Error reading in English pound symbol from csv file


#1

Hi all,

I’m attempting to read in a text file (.csv) using readdlm(file_path_here, ',', String), and I’m getting the following error:

at row 275, column 3 : UnicodeError: invalid character index 27265 (0xa3 is a continuation byte))
in readdlm at base\datafmt.jl:54
in #readdlm#4 at base\datafmt.jl:54 <inlined>
in readdlm at base\datafmt.jl:114
in #readdlm#8 at base\datafmt.jl:114 <inlined>
in #readdlm_auto#11 at base\datafmt.jl:134
in readdlm_string at base\datafmt.jl:343
in dlm_parse at base\datafmt.jl:610

row 275, column 3 in the associated text file contains a pound symbol (the UK currency symbol) when the file is opened in notepad++. If I delete the symbol, then the readdlm call works with no error, so it is definitely that symbol causing the issue.

Any ideas what I can do so that pound symbols don’t make my code fall over?
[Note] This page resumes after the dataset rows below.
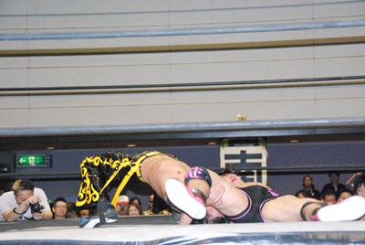 KUDOダイビングダブルニードロップ(右写真)、カウント2。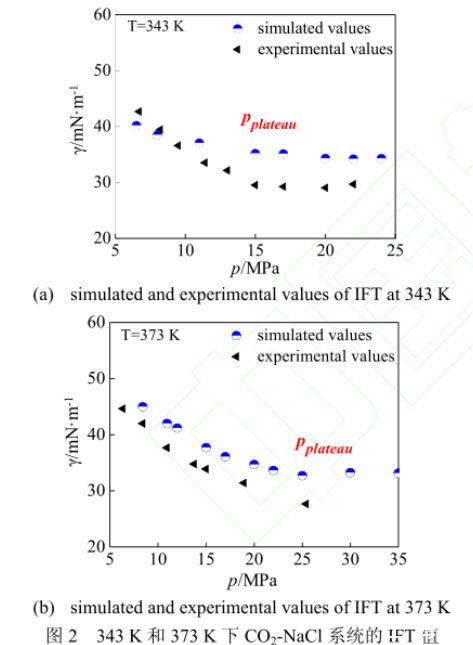本文分別模擬了343 K和373 K的各壓強(qiáng)下鹽濃度為1.89 mol·L-1的CO2-NaCl系統(tǒng),IFT的計(jì)算結(jié)果示于圖2。由圖2可以看出,模擬所得的IFT值與Chalbaud等的實(shí)驗(yàn)數(shù)據(jù)吻合較好。在溫度為343 K時(shí)[圖2(a)],IFT值隨著壓強(qiáng)的不斷升高,其減幅逐漸下降,最終在壓力平衡點(diǎn)pplateau=15 MPa之后達(dá)到穩(wěn)定值34 mN·m-1。373 K時(shí)[圖2(b)]的IFT值變化與343 K時(shí)極為相似,IFT值同樣隨著壓強(qiáng)的升高而下降,且下降速度不斷趨于平緩,由于高壓情況下實(shí)驗(yàn)設(shè)備等因素受限制,實(shí)驗(yàn)方法尚未得到25 MPa以上的數(shù)據(jù)點(diǎn),故在實(shí)驗(yàn)壓強(qiáng)范圍內(nèi)并未觀測(cè)到壓力平衡點(diǎn)。而本文應(yīng)用分子模擬的方法,成功模擬了25~35 MPa下的CO2-NaCl系統(tǒng),觀測(cè)到壓強(qiáng)在pplateau=25 MPa之后達(dá)到穩(wěn)定值33 mN·m-1。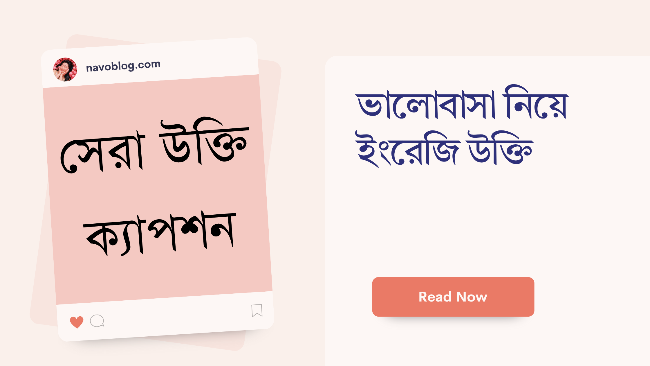 যারা ফেসবুক পোস্ট বা ক্যাপশন লিখতে পছন্দ করেন, তাদের জন্য ভালোবাসা নিয়ে ইংরেজি উক্তি বিশেষভাবে কাজে আসে। এক কথায়, এগুলো আমাদের দৈনন্দিন জীবনের অনুভূতিকে সুন্দরভাবে সাজাতে সহায়তা করে। উক্তিগুলি পড়ে আমাদের মনকে শান্তি, প্রেরণা এবং সঠিক দৃষ্টিভঙ্গি পাওয়া যায়।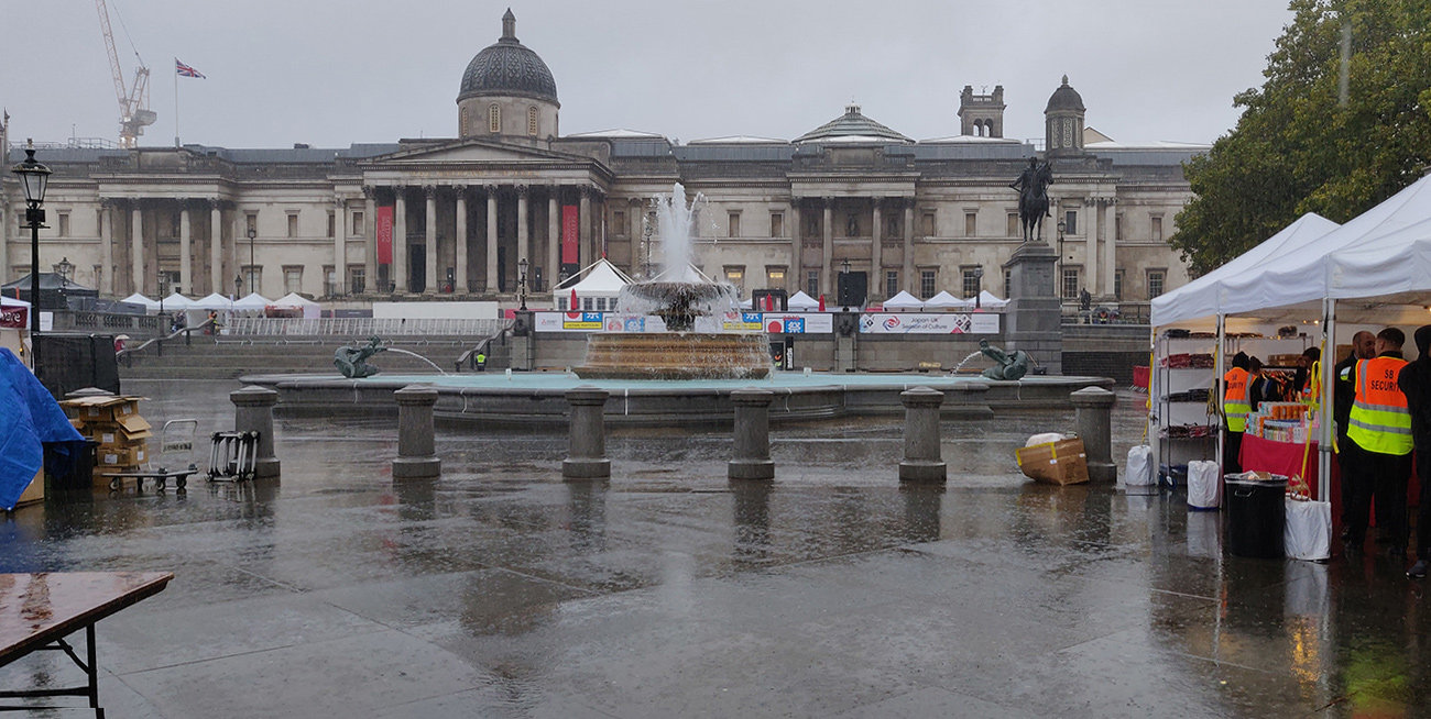 雨の中、トラファルガー広場での準備中の風景。向こうに見えるのはナショナル・ギャラリー。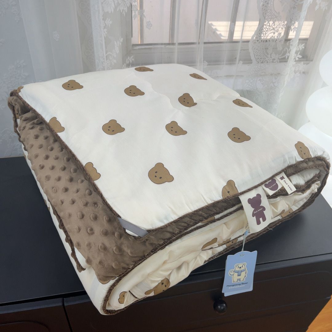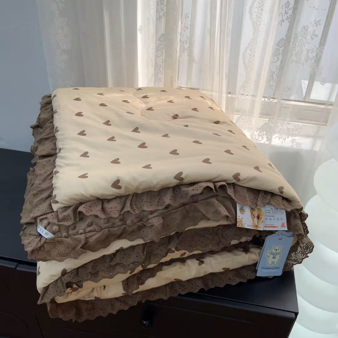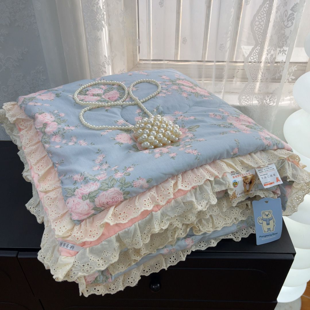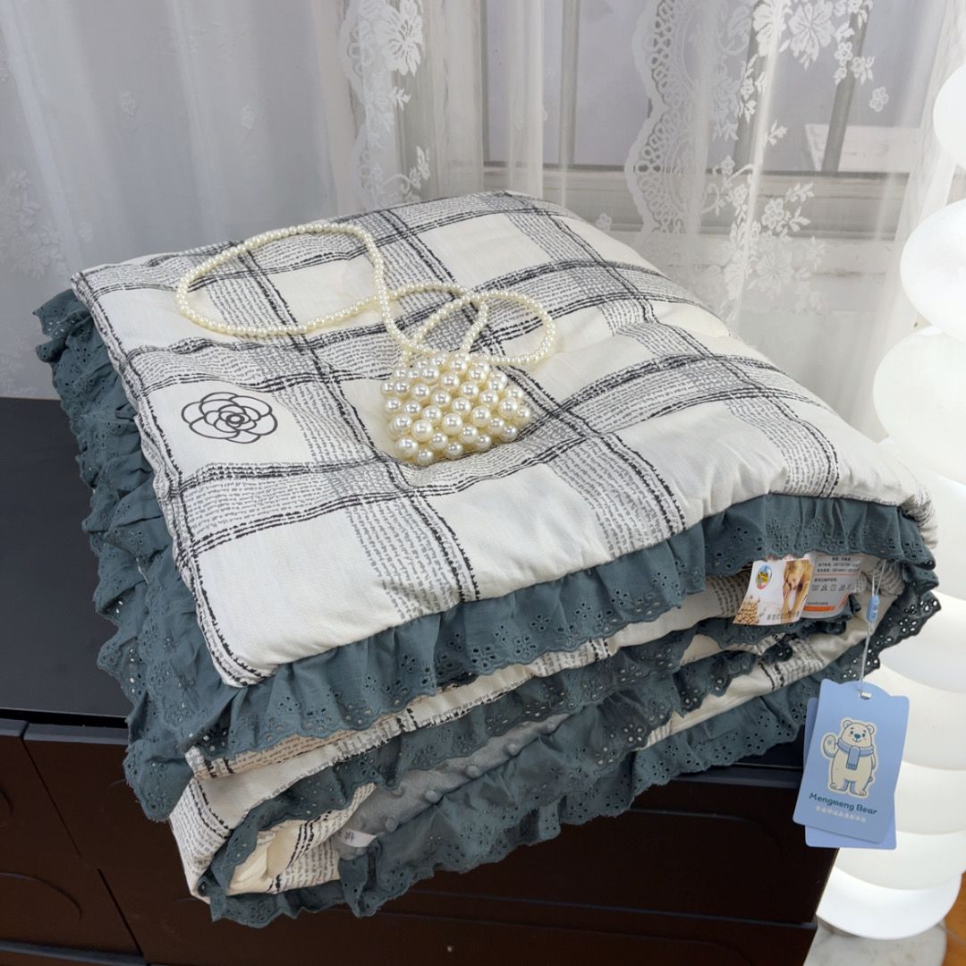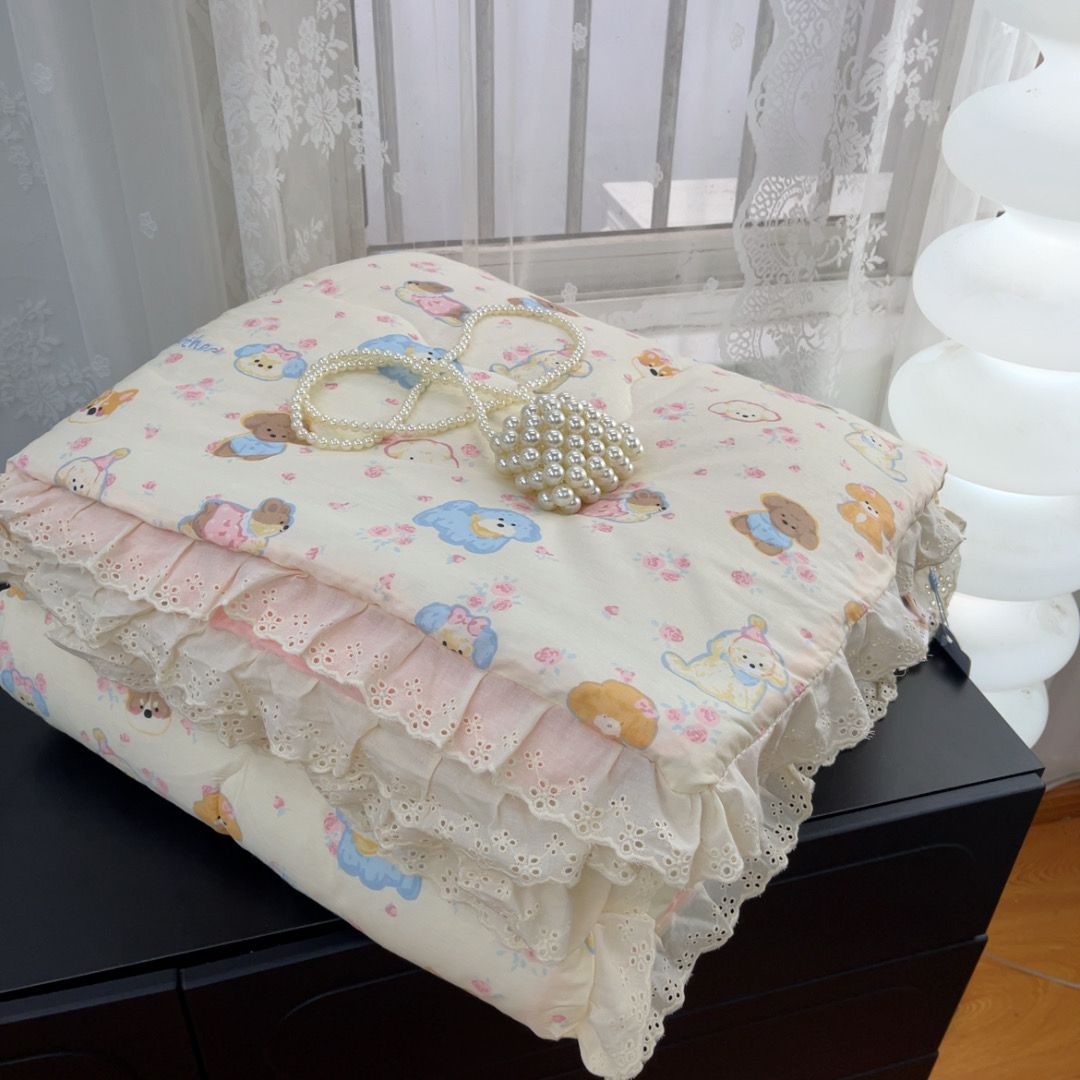 暖居 2025新款纯棉花边款春秋豆豆被四季通用 笑脸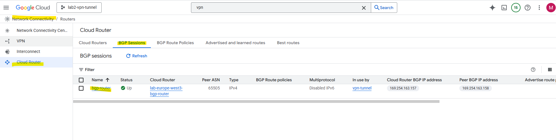 Below I can already see that BGP sessions already configured for the vpn tunnel.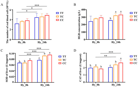 Alterations in red blood cell number (A), hemoglobin concentration (B), SOD activity (C), and CAT activity (D) induced by hypoxic conditions across individuals of three different genotypes. Data are shown as the mean ± SD (n = 3). Hy_0h refers to normoxia, indicating no exposure to hypoxia. Hy_24h denotes exposure to hypoxia (2 mg/L) for a duration of 24 h. Blue represents the TT genotype, orange represents the TC genotype, and red represents the CC genotype. Distinct letters denote statistically significant differences (p < 0.05) among the three genotypes at a single time point. Asterisks indicate statistically significant differences within the same genotype across two time points (* p < 0.05, ** p < 0.01, *** p < 0.001).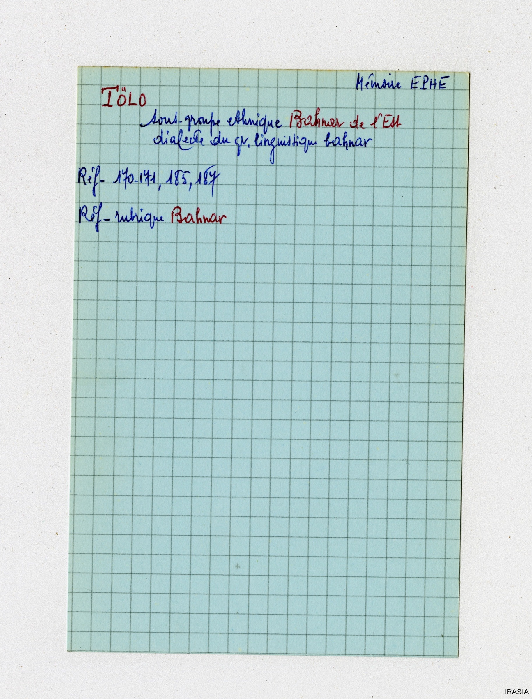 Léger, Daniel [accessed: 2026/2/5]. "Lexique : Fiches Bahnar" (Object Id: 171074). In

For reference, I’m on Windows 10, Julia v0.6.2, with US keyboard, and US keyboard layout selected in Windows (I wouldn’t have thought that would make a difference, but included it just in case).

Cheers,

Colin


#2

Are you sure the CSV file is UTF-8? In Notepad++ look at the bottom of the window and it should tell you exactly what the endcoding is. I’ve had an issue where I was using normal UTF-8 characters but the encoding wasn’t what I expected. When I converted it to UTF-8 (also easy to do in Notepad++) I had no problems.

In the transition from Julia 0.5 to 0.6 (I think) there were changes made to how text files were loaded in and files that previously loaded for me (the ones with the bizarre encoding) didn’t anymore. In my case, aside from the bizarre encoding, it was a ³ causing the problems.


#3

Ah this is it! Thanks. The .csv file in question was being automatically saved by a VBA script which was using xlCSV format, which means ANSI encoding. Apparently Microsoft now have support for UTF-8 when saving via VBA (although it only came through in 2017!?!) so I guess the best solution would be to get the VBA code changed.

Cheers and thanks,

Colin


#4

You can use the StringEncodings package to decode files in non-UTF8 encodings.


#5

That is helpful to know. Thank you. -Colin